Microsurgical training concentrates on the practical mechanisms of performing vessel anastomoses, with little attention given to medical problems that may adversely affect the trainee's performance. Undiagnosed vision problems are rarely considered in microsurgical training, and may not be manifested until other limiting factors, such as basic instrument and suture handling, are mastered.
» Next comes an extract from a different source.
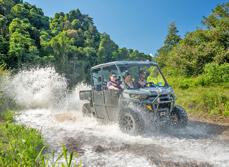 This is a full day tour, with transfers to and from Port Douglas. It includes all the amazing action of the Cassowary Falls tour, with its thrilling driver / guide UTV (4WD) rides splashing across creeks and rivers, Army Truck rides and a 1 hour Daintree River Wildlife Cruise and light lunch by the Daintree River. Pick-ups start in Port Douglas from 8.15am and you will be back in Port Douglas from 3.30pm – 4pm. Please provide your own drinks & food for any infants. We require a minimum of 2 Adult guests to operate this tour.

While vision problems tend to be diagnosed and treated immediately among ophthalmology trainees, visual and ocular pathology is poorly understood outside of that specialty. We present a case of a surgeon who had been performing microsurgery for 10 years with an undiagnosed binocular vision problem that consistently affected microsurgical proficiency. Once diagnosed, the problem responded to therapeutic exercises within weeks. We suggest ophthalmologic referral of any surgeon who has unexplained problems with microsurgical technique (especially problems involving stereoscopic vision) to exclude a treatable visual cause.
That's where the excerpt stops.